I've been seeing teasers for this hit Korean musical on the subway monitors since I got here three weeks ago, and have wondered idly if I should try to see it. One thing that makes it interesting is that the play, which spawned a sequel, is not a translation of a Western play but an original Korean work. But then something occurred to me: there are no Caucasian actors in it. Holmes and all the other, supposedly English characters are being played by Koreans.
This does not in fact bother me. But it brought back memories of controversies in American theater and movies over the casting of Caucasian actors to play Asian characters. I have mixed feelings about these controversies. In the case of Miss Saigon, there were objections to the way Asian characters were depicted, but in that case wouldn't it be better to have them played by whites rather than have Asian actors sully their principles by playing racist depictions of Their People? These complaints just confused the issue. There were ample absurdities from the show's defenders, of course, such as the claim that there just weren't enough good Asian (or Asian-American or Asian-British) actors to play the parts. (Something like that was a rationalization for the use of boy actors to play female characters in Shakespeare's day.) I think that excuse is not likely to fly anymore (though some still try, like the producers of the TV movie Earthsea), as more and more actors of Asian descent have found work in American media.
But there's something more going in these objections, I think: a deep-rooted literalism that demands that the theater and movies, far from being the Kingdom of Fantasy we hear so much about, must be realistic. This may carry more weight in film, where the camera gets right up in the actor's face, and the kind of "facial prostheses" used in Miss Saigon won't convince. Though we still get a Caucasian actress playing a probably "Asian" character in The Hunger Games by darkening her hair and hoping for the best. And there's also the question in a world full of multiracial people (who tend to make racists of all colors uncomfortable) of who's white and who's not. There were people who complained that the hero of The Matrix was played by a white actor while characters of color were delegated to supporting roles, and who had to be reminded that Keanu Reeves has Native Hawaiian, Chinese, English, Irish, and Portuguese ancestry.
Another even more literal form of this literalism was the reaction to a Coke commercial made for the Superbowl, in which the song "America the Beautiful" was sung by people in a variety of languages. Although this song has no official status -- it's not the national anthem or anything, though apparently many believe it is -- many people felt that it was somehow defiled by being sung in languages other than English. (That it was defiled by being used in a Coke commercial during a commercial sports event seems not have entered their tiny heads.) One could point also to racist hysteria over the national anthem's being sung, again at a sports event but in English, by a young native-born American citizen of Mexican descent. It's hard to detach the gut-level racism in such reactions from considerations of power and "representation" in media, but I believe that gut-level response is almost always a factor.

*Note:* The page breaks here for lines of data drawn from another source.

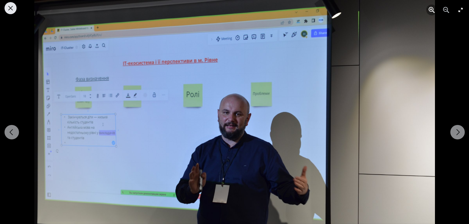 Вів зустріч Сергій Веретюк - керівник Noosphere Engineering School, який вдало організував як самі представлення закладів освіти, так і підвів їх до потреб бізнесу з урахуванням запитів та ризиків через фасилітовану активну дискусію в форматі design thinking. Ми отримали домашнє завдання висвітлити найбільш критичні питання та запропонувати шляхи їх вирішення, з чим вже успішно справились. Сподіваємось, що наступні зустрічі відбудуться у закладах освіти із обговоренням освітніх програм, які зацікавили рівненські ІТ-компанії за участю основних учасників освітнього процесу та майбутніх працівників цих компаній – студентів.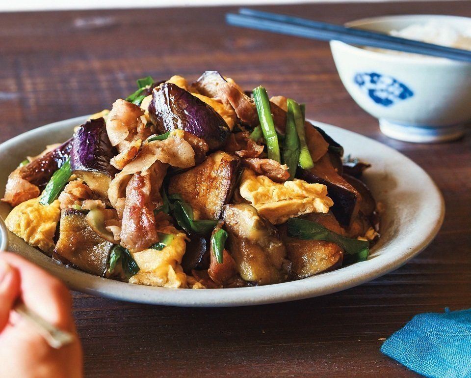 なすと豚バラのにらたまスタミナ炒め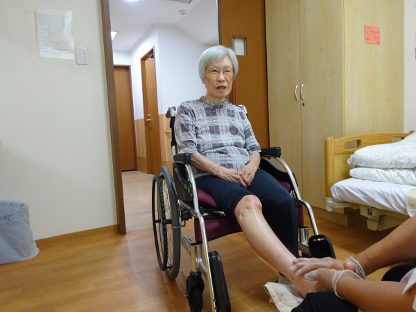 お顔と足のマッサージをされています。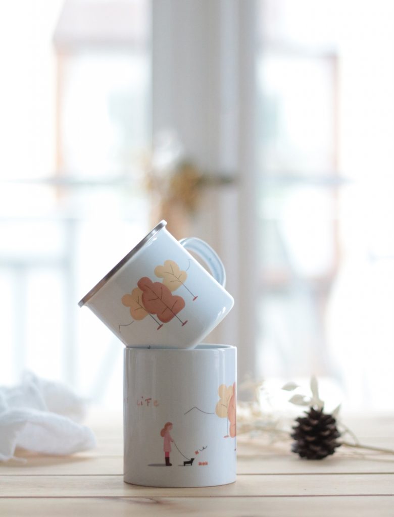 Las tazas de cerámica y metal con la ilustración "ENJOY LIFE. OTOÑO" son alegres y llenas de color. Esta ilustración la dibuje para ilustrar uno de los meses de otoño del calendario 2022 y me ha parecido muy bonita para ilustrar una pequeña colección de tazas de cerámica y metal. Las tazas son ideales para tener un bonito detalle o para disfrutarlas en casa con un café o tu bebida favorita. Puedes elegir la versión que más te guste, cerámica o metal. Quedan preciosas en cualquier rincón: en la mesa de desayuno, en la oficina o el estudio... También son ideales para utilizarlas como portalápices e incluso como macetas. Puedes PERSONALIZARLAS con un NOMBRE, FECHA o FRASE especial. Te podemos preparar un pack para regalar junto a una lámina con la misma ilustración. Añade la lámina al carrito y en observaciones indica que lo quieres en pack regalo. Y estas son las características de los dos modelos: Taza de cerámica de alta calidad con una capacidad de 330 ml. Apta para microondas y friegaplatos (evitar lavados intensivos y temperaturas superiores a 50 grados) Taza de metal esmaltada en blanco de 300ml. Apta para friegaplatos, evitar lavados intensivos y temperaturas superiores a 50 grados No utilizar en microondas. Se presentan en caja de cartón blanca. Diseño original de La Tortuguita Blanca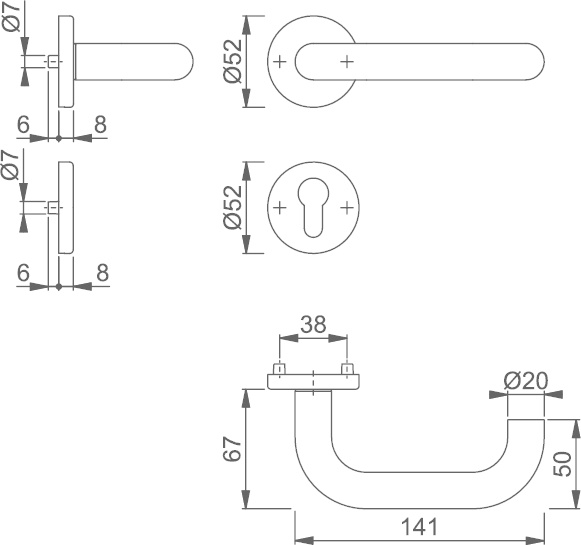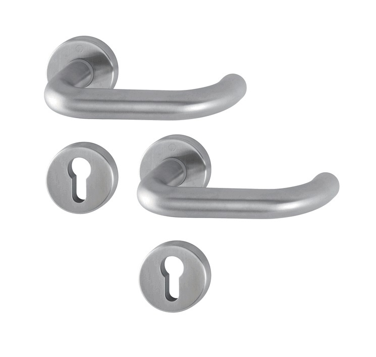 Diese Türgriffe aus Edelstahl sind doppelt gefedert und werden als Paar inklusive zugehöriger Zylinderplatten und Montagematerial, Gebrauchsanweisung und Bohrschablone geliefert.

On stage, though, it's a different matter. You can mix up the "races" quite nicely, and you can have divas of sub-Saharan descent playing ancient Egyptian (which is to say, supra-Saharan) royalty. You can have men playing women and women playing men, straights playing gays and vice versa, for all sorts of reasons. If a play is racist, it would better to argue that no one should act in it than to demand that parity requires that only an Asian actor should play a racist caricature of a "half-caste."
Me, I'm delighted to see Koreans engaged in the kind of cultural appropriation that gave us Sherlock and Sherlock 2, with Korean actors playing Victorian Brits. But those who object to whites playing Asian characters should take notice, and come up with some reasons why this doesn't bother them.